首先我们需要的是MongoDB的导出工具mongoexport
,我们先看一下它的使用帮助。
/usr/local/hive » mongoexport --help penelope@wjj-PC
Usage:
mongoexport
Export data from MongoDB in CSV or JSON format.
See http://docs.mongodb.org/manual/reference/program/mongoexport/ for more information.
general options:
--help print usage
--version print the tool version and exit
verbosity options:
-v, --verbose= more detailed log output (include multiple times for more verbosity, e.g. -vvvvv, or specify a
numeric value, e.g. --verbose=N)
--quiet hide all log output
connection options:
-h, --host= mongodb host to connect to (setname/host1,host2 for replica sets)
--port= server port (can also use --host hostname:port)
ssl options:
--ssl connect to a mongod or mongos that has ssl enabled
--sslCAFile= the .pem file containing the root certificate chain from the certificate authority
--sslPEMKeyFile= the .pem file containing the certificate and key
--sslPEMKeyPassword= the password to decrypt the sslPEMKeyFile, if necessary
--sslCRLFile= the .pem file containing the certificate revocation list
--sslAllowInvalidCertificates bypass the validation for server certificates
--sslAllowInvalidHostnames bypass the validation for server name
--sslFIPSMode use FIPS mode of the installed openssl library
authentication options:
-u, --username= username for authentication
-p, --password= password for authentication
--authenticationDatabase= database that holds the user's credentials
--authenticationMechanism= authentication mechanism to use
namespace options:
-d, --db= database to use
-c, --collection= collection to use
uri options:
--uri=mongodb-uri mongodb uri connection string
output options:
-f, --fields=[,]* comma separated list of field names (required for exporting CSV) e.g. -f "name,age"
--fieldFile= file with field names - 1 per line
--type= the output format, either json or csv (defaults to 'json') (default: json)
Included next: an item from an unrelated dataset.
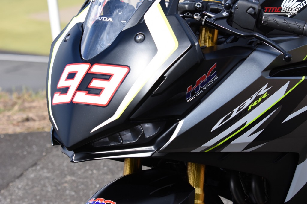liputanindo.com – Marc Marquez tampil di Honda Plaza sirkuit Motegi Sembari naik New Honda CBR250R berwarna hitam dengan livery khas HRC terbaru di sekujur body-nya. Secara Standar CBR250RR ini terlihat menggunakan body dan fairing Spesifik balap tanpa adanya parts road Absah yang menempel. Juga knalpot yang sudah diganti dengan tipe free flow full system menggantikan knalpot standar model double muffler-nya.

-o, --out= output file; if not specified, stdout is used
--jsonArray output to a JSON array rather than one object per line
--pretty output JSON formatted to be human-readable
--noHeaderLine export CSV data without a list of field names at the first line
querying options:
-q, --query= query filter, as a JSON string, e.g., '{x:{$gt:1}}'
--queryFile= path to a file containing a query filter (JSON)
-k, --slaveOk allow secondary reads if available (default true) (default: false)
--readPreference=| specify either a preference name or a preference json object
--forceTableScan force a table scan (do not use $snapshot)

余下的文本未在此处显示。